* **What the exercise asks**:
Excerpt from the entries below: please repeat exactly the lines from the one containing "Royal Lytham and" through the last one, both ends included, with no pictures.

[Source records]
▬▬▬▬▬▬▬▬▬▬

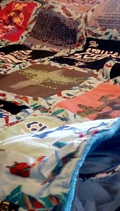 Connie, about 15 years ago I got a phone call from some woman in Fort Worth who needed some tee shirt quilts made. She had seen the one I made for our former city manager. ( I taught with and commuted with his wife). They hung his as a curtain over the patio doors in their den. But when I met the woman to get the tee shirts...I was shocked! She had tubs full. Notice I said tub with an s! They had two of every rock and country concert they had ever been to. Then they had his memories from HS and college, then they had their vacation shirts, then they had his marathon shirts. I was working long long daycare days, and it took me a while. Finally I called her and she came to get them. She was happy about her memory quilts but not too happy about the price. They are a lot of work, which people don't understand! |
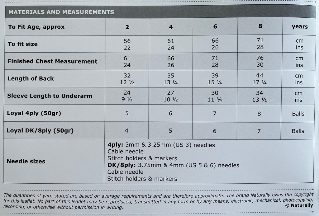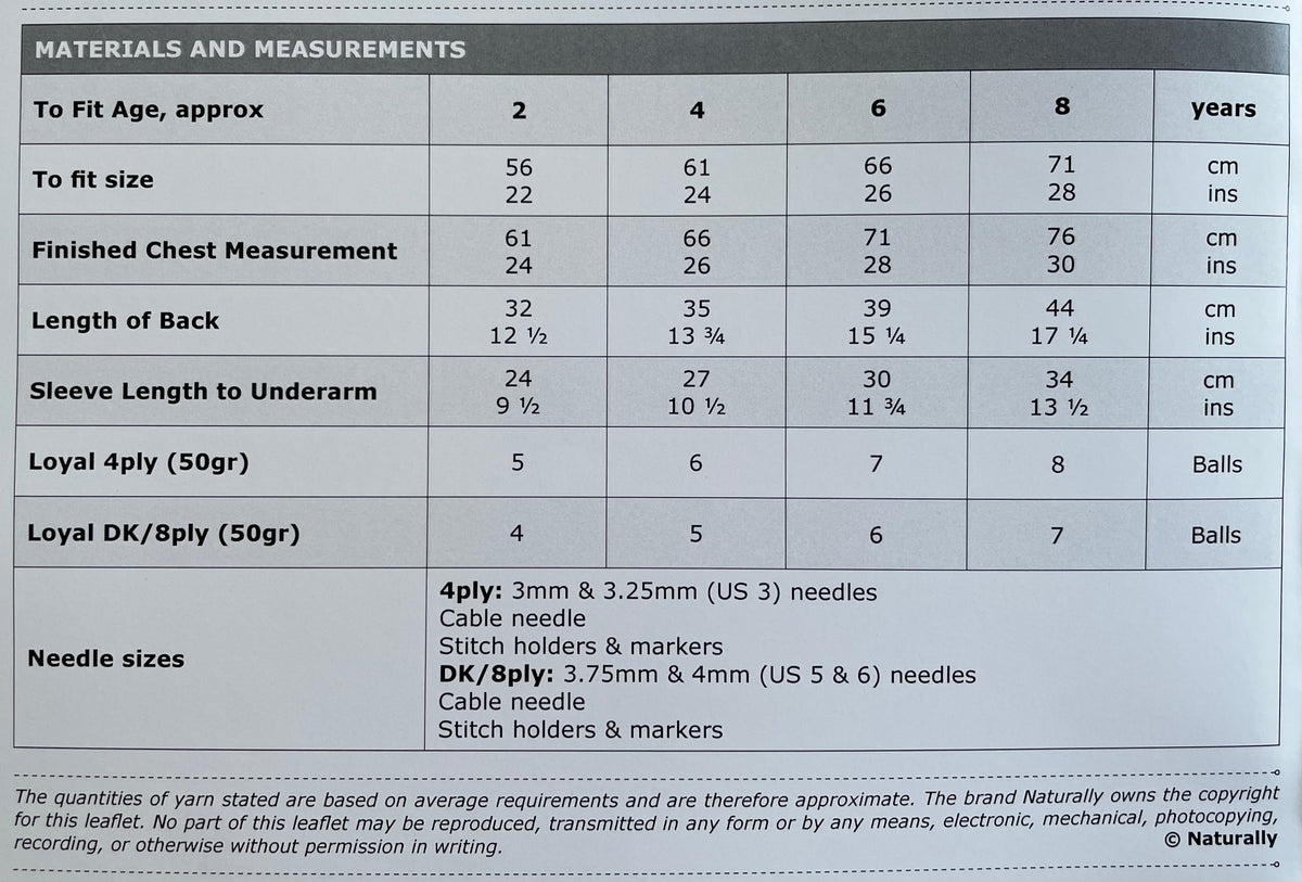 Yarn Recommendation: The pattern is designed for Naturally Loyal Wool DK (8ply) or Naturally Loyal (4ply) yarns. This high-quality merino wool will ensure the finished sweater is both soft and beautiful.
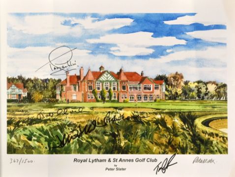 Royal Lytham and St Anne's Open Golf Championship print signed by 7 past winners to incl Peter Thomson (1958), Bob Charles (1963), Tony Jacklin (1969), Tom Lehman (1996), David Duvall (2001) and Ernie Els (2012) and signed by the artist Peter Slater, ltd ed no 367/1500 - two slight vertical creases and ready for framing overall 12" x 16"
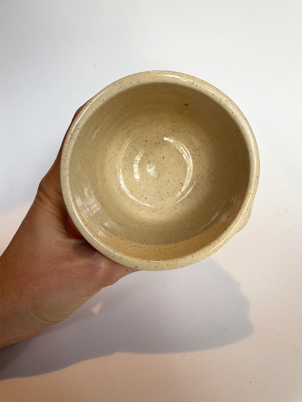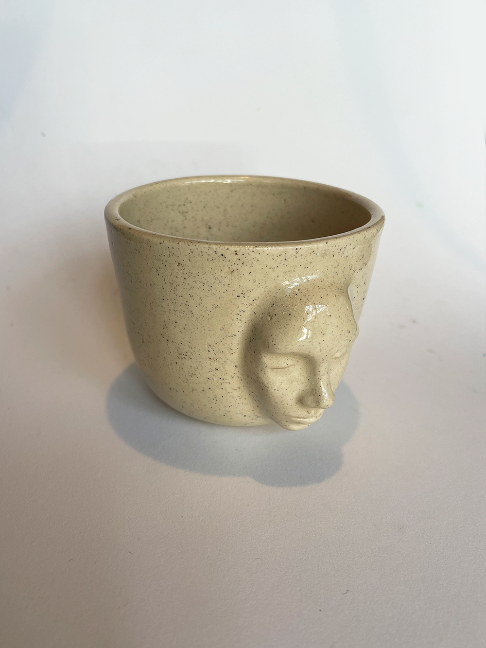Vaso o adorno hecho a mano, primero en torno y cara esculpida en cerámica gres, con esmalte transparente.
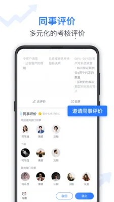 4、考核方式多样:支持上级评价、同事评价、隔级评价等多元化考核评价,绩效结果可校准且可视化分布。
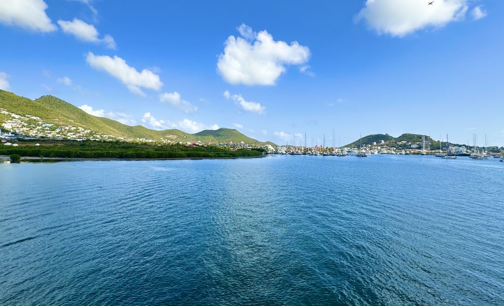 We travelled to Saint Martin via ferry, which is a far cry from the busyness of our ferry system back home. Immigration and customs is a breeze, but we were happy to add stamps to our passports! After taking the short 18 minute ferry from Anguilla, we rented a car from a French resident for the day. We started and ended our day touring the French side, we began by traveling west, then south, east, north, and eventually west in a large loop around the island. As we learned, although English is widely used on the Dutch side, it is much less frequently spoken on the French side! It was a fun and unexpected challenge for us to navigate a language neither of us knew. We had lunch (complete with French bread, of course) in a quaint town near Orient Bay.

▬▬▬▬▬▬▬▬▬▬

* **Solution for this problem**:
 Royal Lytham and St Anne's Open Golf Championship print signed by 7 past winners to incl Peter Thomson (1958), Bob Charles (1963), Tony Jacklin (1969), Tom Lehman (1996), David Duvall (2001) and Ernie Els (2012) and signed by the artist Peter Slater, ltd ed no 367/1500 - two slight vertical creases and ready for framing overall 12" x 16"
Vaso o adorno hecho a mano, primero en torno y cara esculpida en cerámica gres, con esmalte transparente.
 4、考核方式多样:支持上级评价、同事评价、隔级评价等多元化考核评价,绩效结果可校准且可视化分布。
 We travelled to Saint Martin via ferry, which is a far cry from the busyness of our ferry system back home. Immigration and customs is a breeze, but we were happy to add stamps to our passports! After taking the short 18 minute ferry from Anguilla, we rented a car from a French resident for the day. We started and ended our day touring the French side, we began by traveling west, then south, east, north, and eventually west in a large loop around the island. As we learned, although English is widely used on the Dutch side, it is much less frequently spoken on the French side! It was a fun and unexpected challenge for us to navigate a language neither of us knew. We had lunch (complete with French bread, of course) in a quaint town near Orient Bay.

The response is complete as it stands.